Dezesseis anos depois de levantar a taça como capitão, Beckenbauer demonstrou ser um estrategista igualmente formidável à beira do gramado. Como treinador da equipe nacional alemã, ele conduziu a Alemanha ao tricampeonato mundial em 1990, na Itália, em uma memorável final contra a Argentina de Diego Maradona. Sua capacidade de transpor a liderança e o entendimento tático do campo para o banco de reservas consolidou-o como uma das maiores mentes futebolísticas de sua geração.
Didier Deschamps: A Força Francesa do Capitão Vencedor
O mais recente integrante deste clube exclusivo é o francês Didier Deschamps. Sua história com a Copa do Mundo começou em 1998, quando, atuando como um incansável volante de marcação e usando a braçadeira de capitão, ele liderou a França à sua primeira conquista mundial, no torneio disputado em seu próprio país. Sua liderança silenciosa e capacidade de organização em campo foram cruciais para o sucesso daquela geração.
Exatamente duas décadas mais tarde, em 2018, Deschamps repetiu o feito, desta vez do banco de reservas. Como técnico, ele organizou e potencializou uma talentosa geração francesa, que contava com nomes como Kylian Mbappé e Antoine Griezmann, conduzindo a equipe ao segundo título mundial da França na edição realizada na Rússia. Sua gestão de talentos e a disciplina tática imposta foram pontos-chave para a vitória. O comandante ainda esteve perto de se tornar bicampeão como técnico em 2022, mas a França sofreu uma derrota nos pênaltis na dramática decisão contra a Argentina, solidificando ainda mais seu lugar na história por sua persistente excelência.
O Desafio para as Novas Gerações: Quem Seguirá Seus Passos?
Repetir essa glória dupla representa o derradeiro teste de longevidade e adaptabilidade no futebol de alto rendimento. O surgimento de novos candidatos a este clube de lendas depende de jogadores campeões recentes que consigam fazer uma transição bem-sucedida e impactante para a carreira técnica. A dificuldade reside não apenas em alcançar o ápice atlético como jogador, mas em desenvolver a capacidade de traduzir essa visão e experiência vitoriosa para uma nova geração de atletas.

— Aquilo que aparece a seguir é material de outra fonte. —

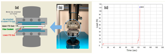 Figure 10a shows a schematic diagram of jig mounted FTO substrates. Figure 10b depicts a universal tensile tester mounted with jig to investigate the laser sealing quality. The strength tests are essential to assess the mechanical resistance of the devices. The laser-sealed FTO substrates with fiber sealant were subjected to mechanical strength using equipment comprising of two stainless steel jigs up and down. Figure 10c shows tensile load changes with time for the laser-sealed FTO substrates using fiber type sealant. It can be observed from Figure 10c that under laser power of 35 W, laser scan velocity of 40 mm/s, laser scanning cycle of 200, and a preheating of 190 °C, uniform relative movement occurred to the fiber sealant and FTO substrates with the testing machine, which had a uniform linear motion, until the breaking force reached the maximum value, at which time the relative displacements of the sealant and FTO substrates were small. The fracture failure mode is ductile fracture, since the fracture of the laser sealing is flush and bright and perpendicular to the direction of the normal stress. The results showed that the maximum load that the samples can withstand is 110 N. This means that the fiber sealant can withstand to a strength of 41 MPa. Sealing stress was not measured on laser-sealed FTO substrates thermally treated at 130 and 220 °C due to defects of delamination and aggregation. It was found that the maximum value of the breaking force was reached after a certain displacement between upper FTO substrate and lower FTO substrate was formed. In the previous studies, it was reported that sealing strength using screen printed sealant was observed in the range of 12.3–20.5 MPa [3,33]. Compared with values obtained from previous studies above, a sealing strength of 41 MPa seemed to be as strong a candidate as laser sealant.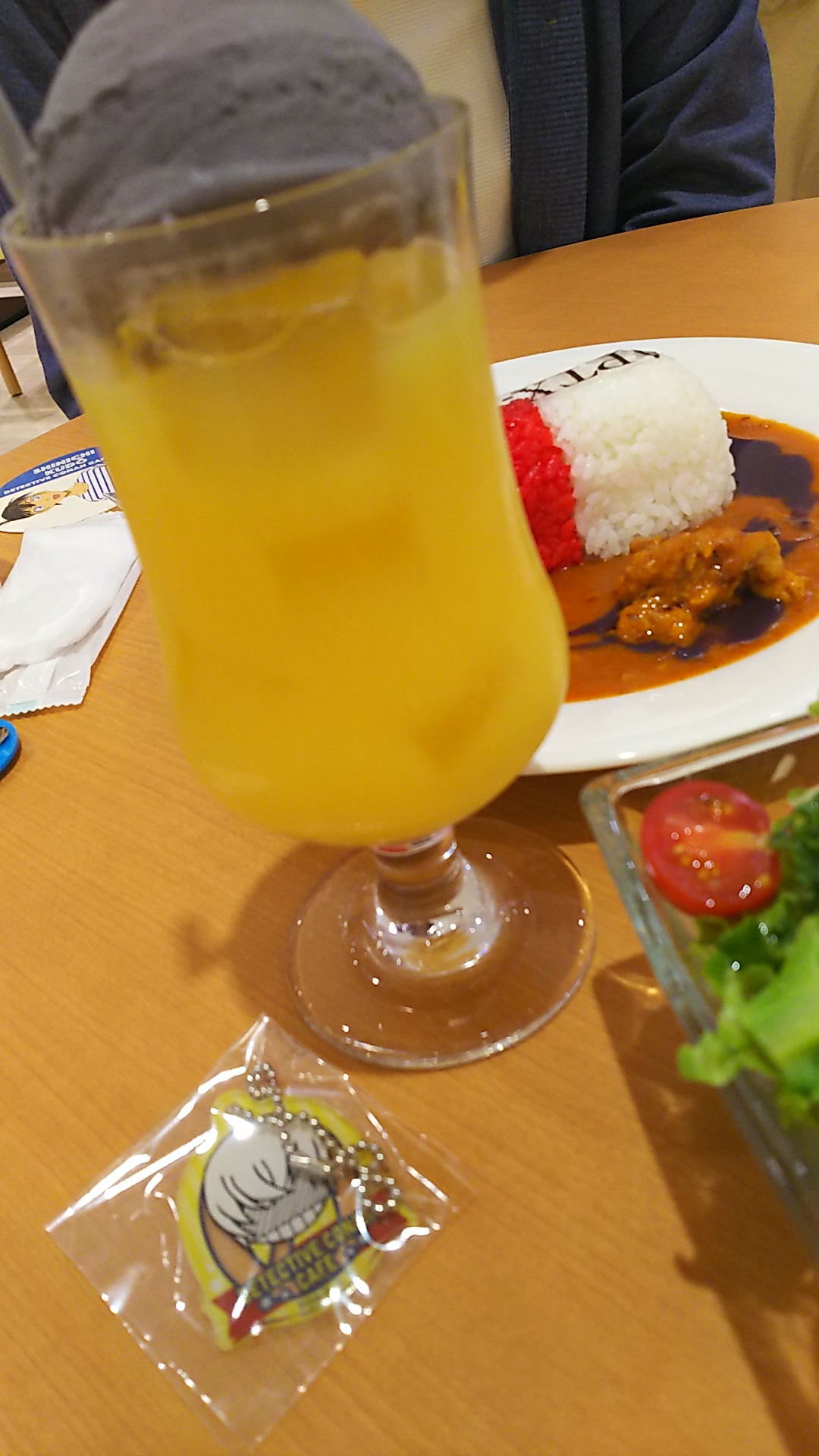 ドリンクは安室さんのトリプルフェイスなんちゃら~ドリンク。ごまアイスが乗ったオレンジジュースと、アクキー付。かわいい。

Nomes consagrados que foram engrenagens fundamentais em conquistas recentes, como Xabi Alonso e Xavi Hernández, campeões com a Espanha em 2010, hoje despontam como comandantes de peso na elite europeia e são frequentemente apontados como futuros líderes de seleções. Da mesma forma, ídolos recentes da Itália, a exemplo de Daniele De Rossi e Fabio Grosso, também iniciaram suas jornadas táticas e alimentam o sonho de um dia comandar seus países na mais prestigiada competição da FIFA, almejando um lugar ao lado de Zagallo, Beckenbauer e Deschamps.

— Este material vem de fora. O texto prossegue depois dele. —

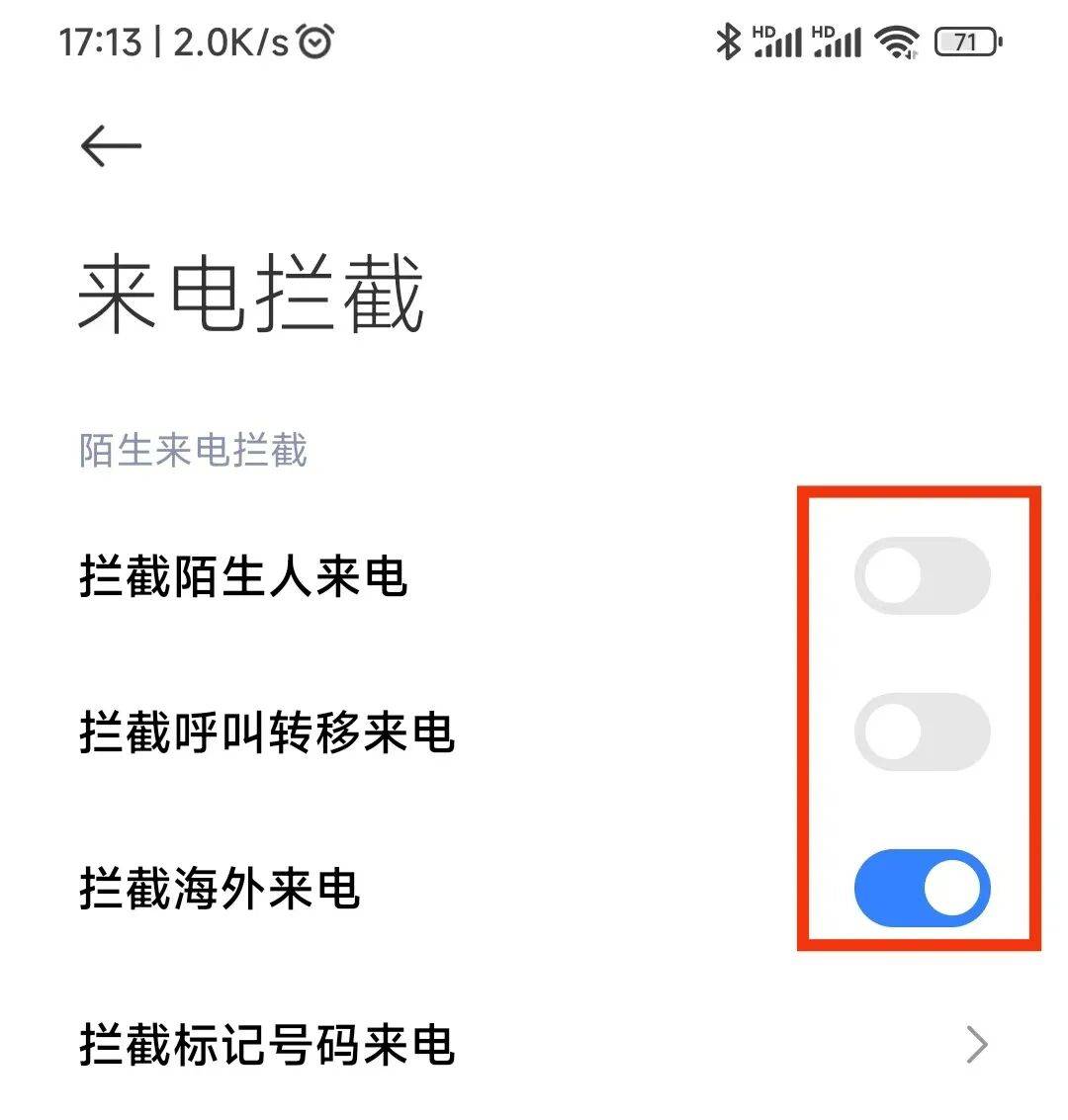 这个页面与短信拦截是类似的,需要对不同类型的来电进行设置,包含拦截陌生人来电、拦截呼叫转移来电、拦截海外来电和拦截标记号码来电。
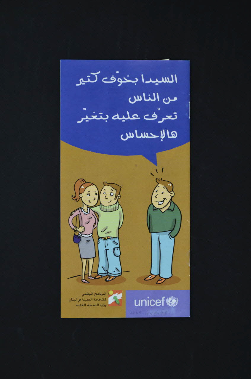 Brochure : jeune homme et couple de jeunes (en arabe) / Intérieur très illustré et coloré. - p.1 Fond blanc, impression en bleu et en brun (titres, traduire). Dessin légendé de 3 bonshommes marchant, l'air interrogatif puis accablé. - p.2 Fond bleu. Dialogue entre la jeune femme de la couverture et le donneur de conseils. Bulles (résumer) - p.3 Fond blanc, impression en bleu et en brun (titres et légendes traduire). Sur deux colonnes, dessins couleur légendés de 4 situations à risque (traduire les légendes) : rasoir et seringue, garçon et fille dans un lit, femme enceinte, transfusion - p.4 Fond blanc. En haut, le donneur de conseils ; bulle fond bleu, impression en blanc. En dessous, sur deux colonnes, dessins couleur légendés en bleu de 6 situations sans risque : apéritif avec un ami, serrage de mains, WC, piscine, coupure légère, éternuement - p.5 Fond blanc, impression en brun et bleu. En dessous, sur deux colonnes, dessins couleur légendés de 6 situations de protection : abstinence (?), fidélité (?), transfusion sécurisée (?), préservatif, ne pas accepter de partager seringue, seringue stérilisée - p.6 Fond violet, dessin couleur : le donneur de conseils et le couple. Bulle (résumer) - p.7 Fond blanc, impression en brun et noir, sous titres en blanc sur bandeaux bruns (traduire) - p.8 Fond violet. conversation entre l'homme et le donneurs de conseils. Bulles (traduire). Texte en bas en blanc sur bandeau brun (résumer) - p.9 Fond blanc. Impression en brun et en noir. En bas de page : dessin couleur un homme et le donneur de conseil buvant un verre ensemble. - p.10 Fond violet. Le donneur de conseils sert la main à un homme. Bulle (traduire)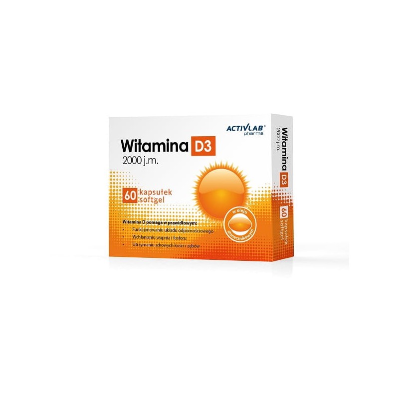 Witamina D3 2000 UI to produkt zawierający 2000 j.m witaminy D3 rozpuszczonej w oleju słonecznikowym.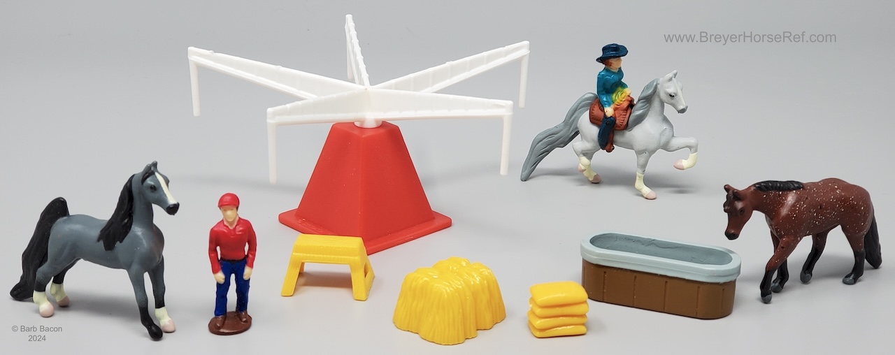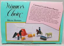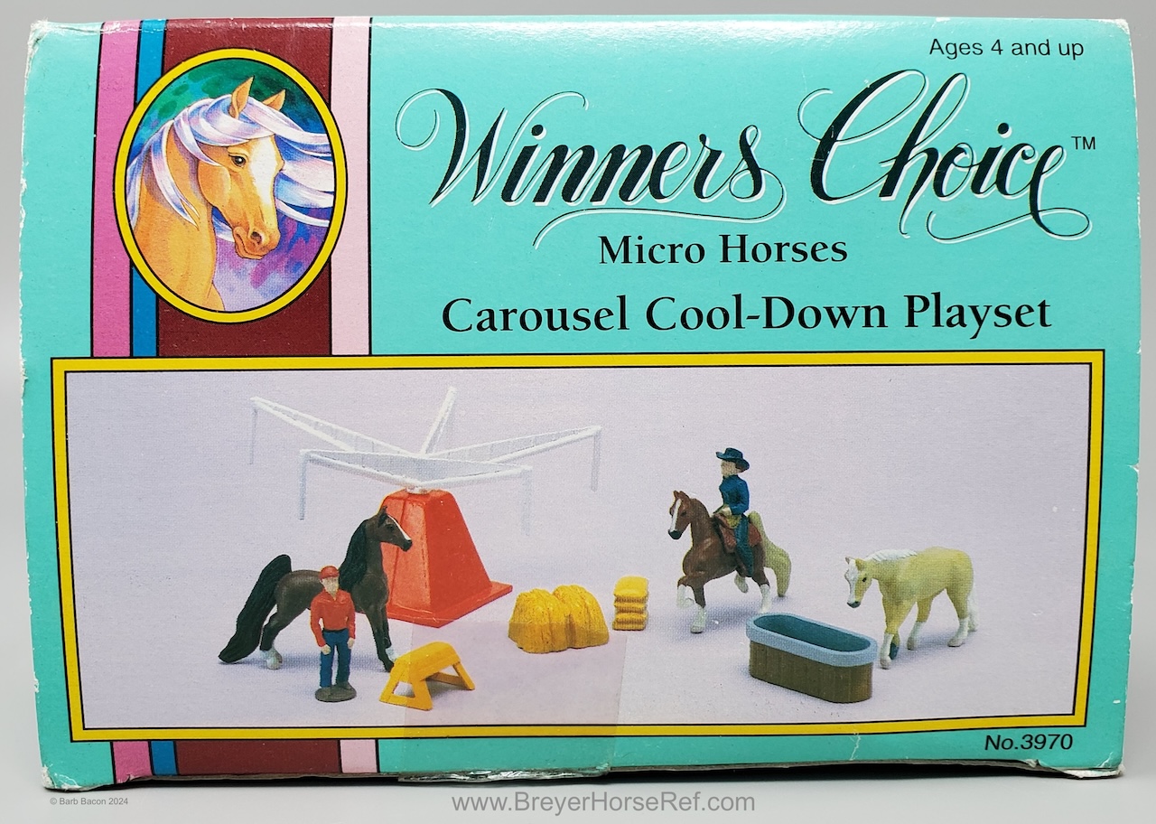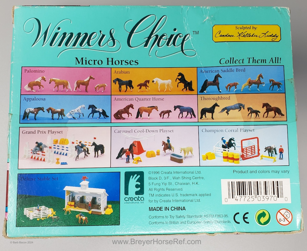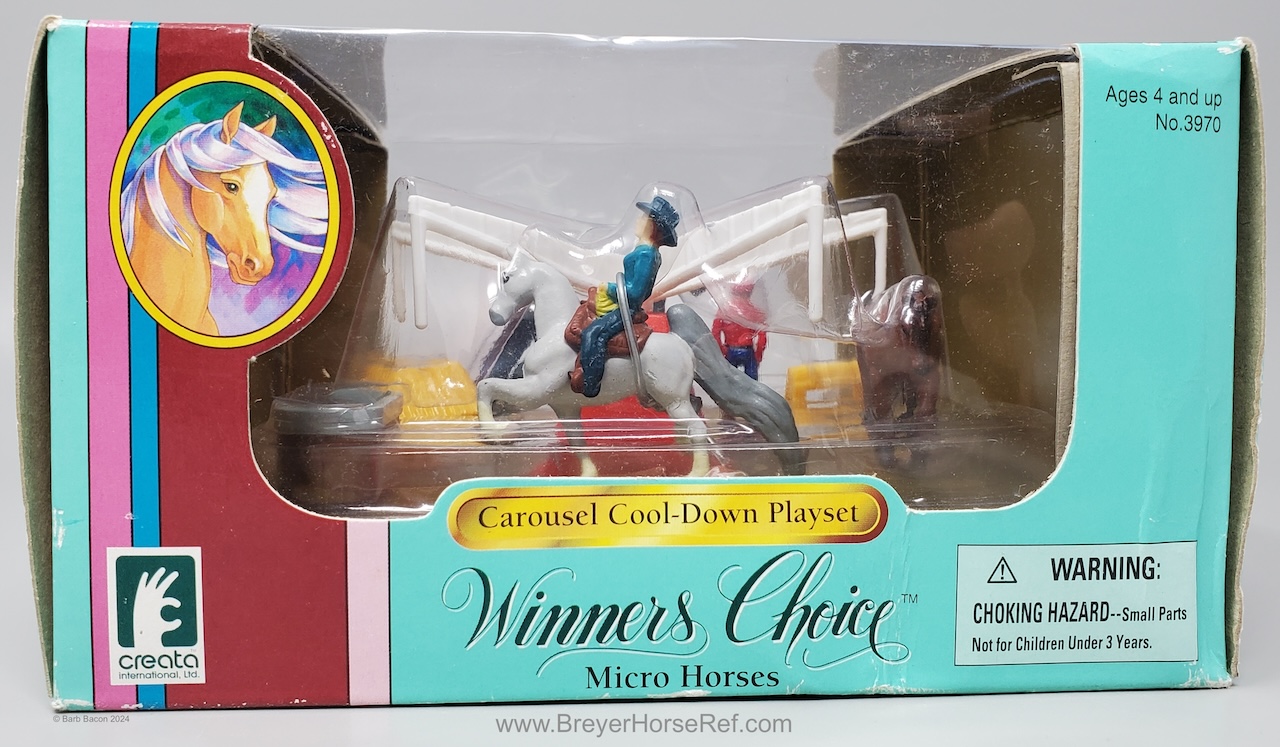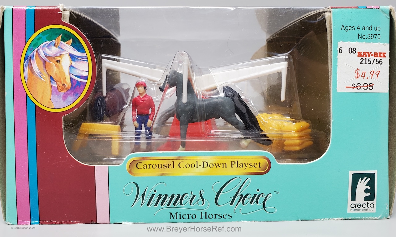This model was released in the Series I Carousel Cool-Down Playset #3970, Winners Choice Micro Horses by Creata International. Per Artist Candace Liddy, the packaging was completed in 1996, however the models were not available until 1997. Set included a Dark Grey with Black Points Show Pose Saddlebred, Light Grey High Stepping Saddlebred, Bay Jog Trot Mare, 2 dolls, hot walker, water trough, stool, feed bags and hay bales. Breyer bought this mold and accessories in 2004.

A permanência de apenas três nomes neste seleto grupo reforça o quão extraordinário é dominar a estrutura do esporte em duas frentes tão distintas e exigentes. Alcançar o topo como atleta já é um feito para poucos, mas conseguir adaptar e transmitir essa visão e mentalidade vitoriosa para uma equipe inteira, elevando-a à glória máxima, posiciona Zagallo, Beckenbauer e Deschamps em um patamar definitivo na história da modalidade, como verdadeiras lendas eternas do futebol mundial.